____ PROVIDED DATA

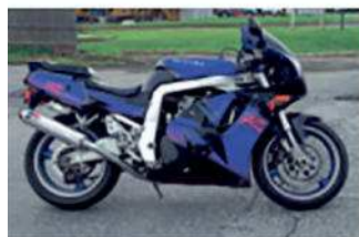
Suzuki GSX-R 600 $2,495
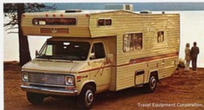
Travel Equipment Corporation.

Provides a firm, easy ride. A tough coil spring at each front wheel helps soak up most of the road shock before it can reach the driver and cargo.

________

* WORK REQUEST
Once the line containing "Travel Equipment Corporation." is found, print it and every line after it through the end of the listing, exactly and alone.

* EXERCISE RESPONSE
Travel Equipment Corporation.

Provides a firm, easy ride. A tough coil spring at each front wheel helps soak up most of the road shock before it can reach the driver and cargo.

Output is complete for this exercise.